(Stored dataset items)
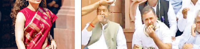
संसद के गेट पर राहुल के चाय-नाश्ता करने को लेकर हो रही आलोचना

इस मामले में 84 पूर्व ब्यूरोक्रेट्स, 116 पूर्व सैनिक और 4 वकीलों ने एक ओपन लेटर लिखकर राहुल गांधी से देश के लोगों से माफी की मांग की है। राहुल गांधी देश में एलपीजी सिलिंडर की भारी कमी को लेकर संसद के गेट पर अन्य सांसदों के साथ विरोध प्रदर्शन कर रहे थे। इस दौरान राहुल गांधी चाय और बिस्किट का आनंद लेते हुए आरामदायर मुझ में बैठे हुए थे, जो विपक्षी सांसदों के लिए आर्क्षण का केंद्र बने। उनका ये अंदाज सोशल मीडिया पर काफी तेजी से वायरल हुआ। सोशल मीडिया पर वीडियो काफी तेजी से वायरल हो रहा है। वीडियो वायरल होने के बाद कुछ लोगों ने इस्पर प्रतिक्रिया देनी शुरू की।
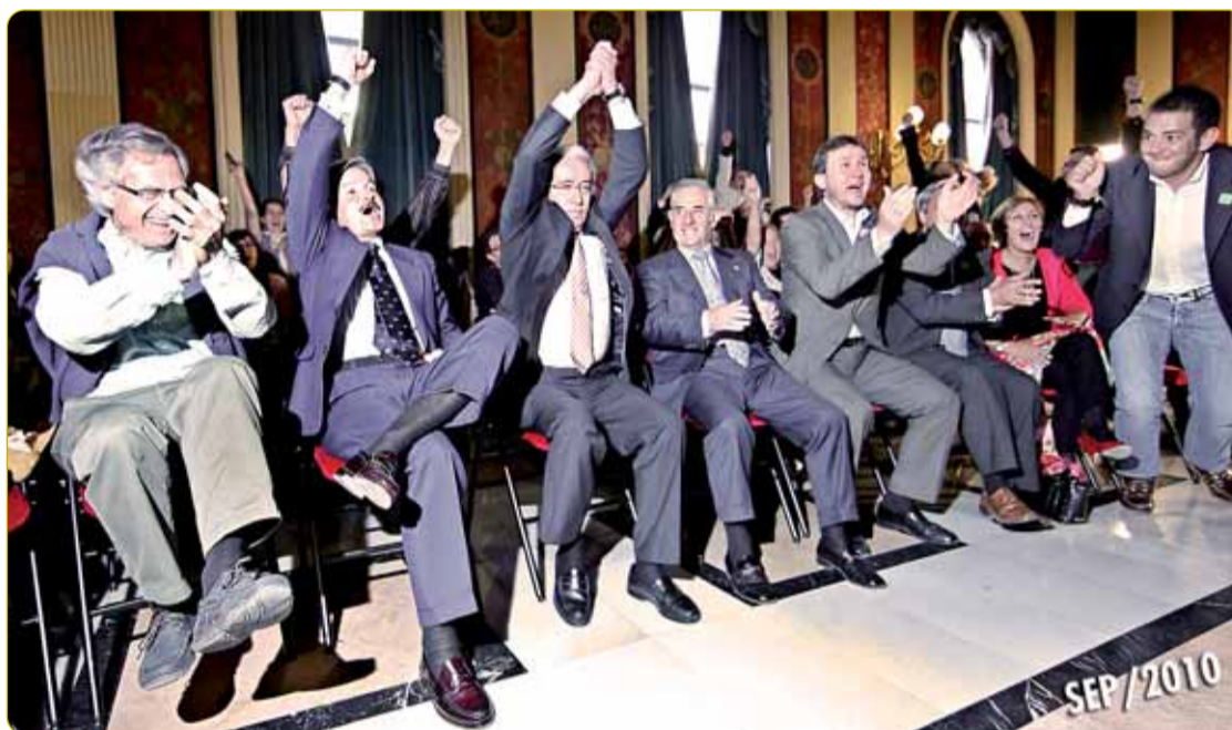
LA R-EVOLUCIÓN CONTINÚA. 30 de septiembre. El proyecto de Burgos 2016 resultó elegido por el jurado de selección de las ciudades candidatas a conseguir la Capitalidad de la Cultura Europea en 2016. Tendrá que competir con Córdoba, San Sebastián, Segovia, Las Palmas y Zaragoza. El nombre de la ganadora se conocerá en julio de 2011.
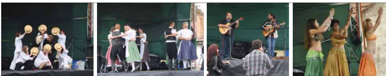
Nagyszínpad, kulturális műsorok
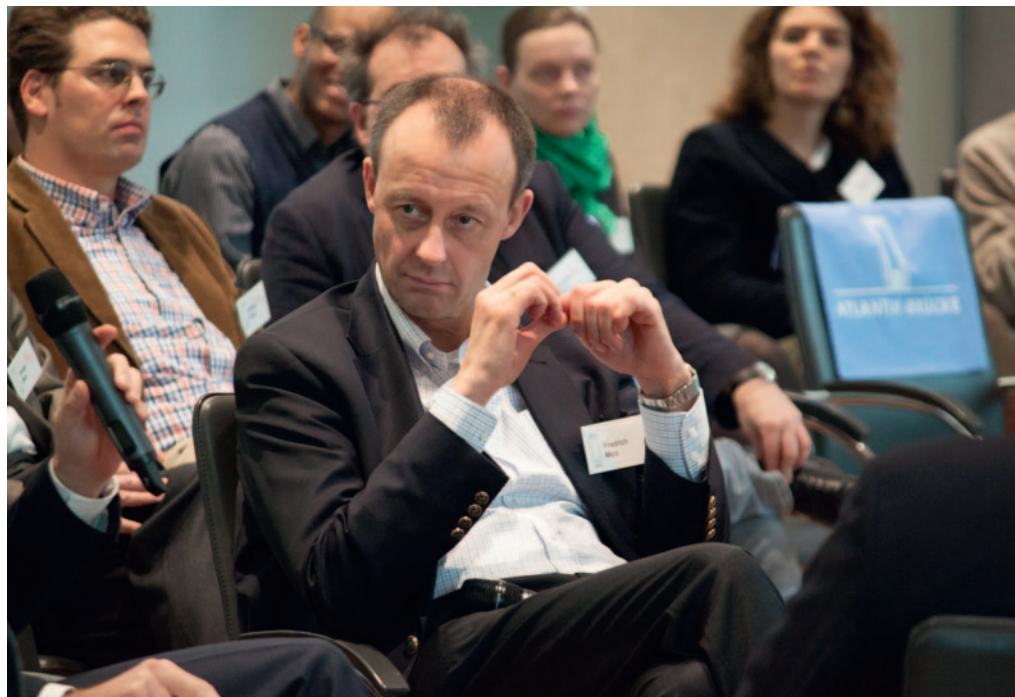
links Friedrich Merz

Am 18. Januar 2014 kamen über hundert Young Leaders-Alumni am Starnberger See zur diesjährigen New Year's Reunion, um alte Freunde wiederzusehen, neue Kontakte zu knüpfen und über transatlantische Themen zu diskutieren. Bei einer Debatte über die Auswirkungen der NSA-Affäre auf das europäisch-amerikanische Verhältnis konnten die Alumni Meinungen austauschen und neue Perspektiven auf das kontroverse Thema erhalten. Young Leader-Alumnus Kai Diekmann, Chefredakteur der Bild, berichtete im Gespräch mit Friedrich Merz über die Eindrücke und Erfahrungen während seines Aufenthaltes im Silicon Valley.
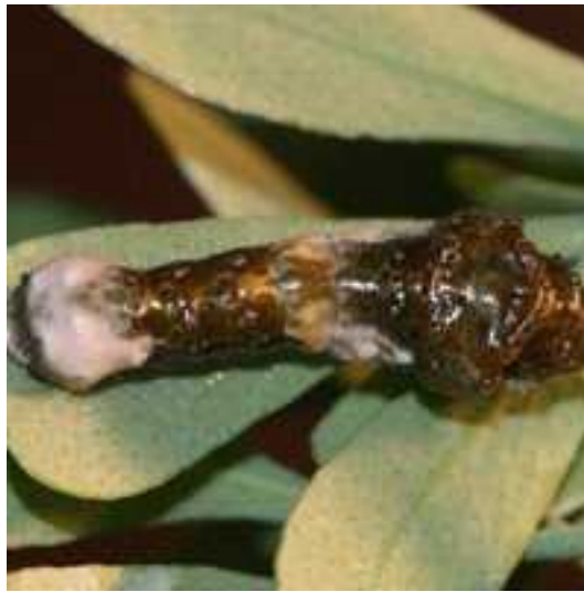
Slika 7. Gusjenica vrste Papilio cresphontes na jasenu Ruta graveolens .

Neke se gusjenice štite kamufliraju i se kao pti ji izmet. Pošto su ptice prirodni neprijatelji gusjenica, a i leptira, biti obojan kao pti ji izmet ima velike prednosti. Jer zašto bi ptica željela jesti vlastiti izmet. Neke od vrsta kod kojih se ovaj vid mimikrije pojavljuje su Papilio cresphontes (Slika 7.), Papilio glaucus ( http://www.raisingbutterflies.org/finding-immatures/mimicry-and-camouflage/ ).
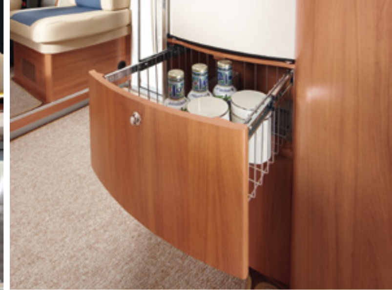
Praktischer Auszugskorb unter dem Slim Tower Kühlschrank
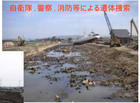
自衛隊, 警察, 消防等による遺体捜索
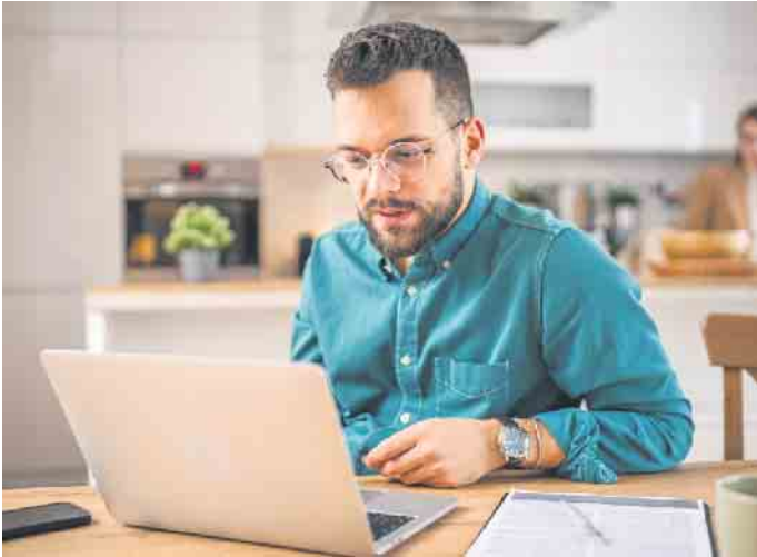
Online-Unterricht machts möglich: Moderne Umschulungen bieten ein Höchstmaß an räumlicher, zeitlicher und inhaltlicher Flexibilität.

Das ganze Leben besteht aus Veränderung - das gilt auch für den Beruf. Manche Menschen wollen oder müssen sich in Sachen Job neu orientieren, andere möchten nach längerer Pause - etwa we-
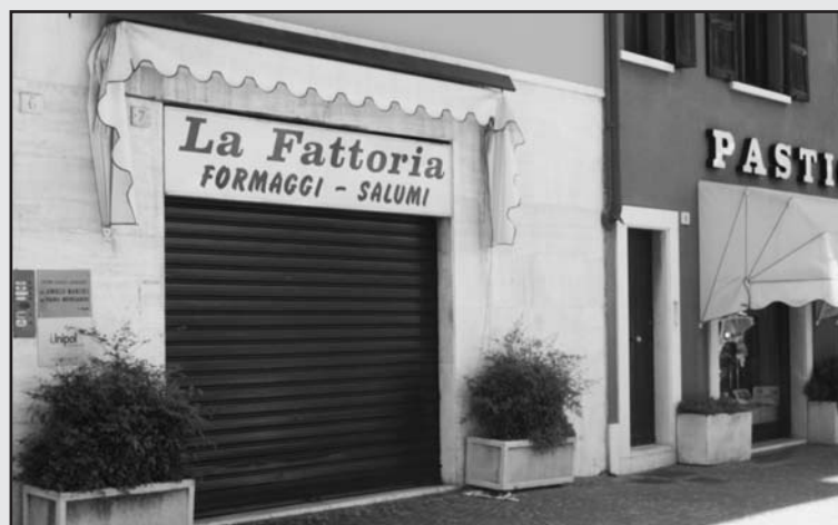
Il nuovo negozio in Piazza Treccani (ex negozio La Fattoria).

Piazza Treccani (ex negozio La Fattoria)
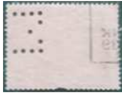
De perfin E (of M)

E deze perfin lijkt mij wel echt. Toch durf ik deze echter niet op te nemen omdat hij wel erg dicht tegen de rand is geperforeerd. De kans dat hij onvolledig is lijkt mij groot. Het is overigens ook onduidelijk of het een M of een E is.

Required work
Reproduce each line of the records in which "perfin" appears.

Expected output
De perfin E (of M)
E deze perfin lijkt mij wel echt. Toch durf ik deze echter niet op te nemen omdat hij wel erg dicht tegen de rand is geperforeerd. De kans dat hij onvolledig is lijkt mij groot. Het is overigens ook onduidelijk of het een M of een E is.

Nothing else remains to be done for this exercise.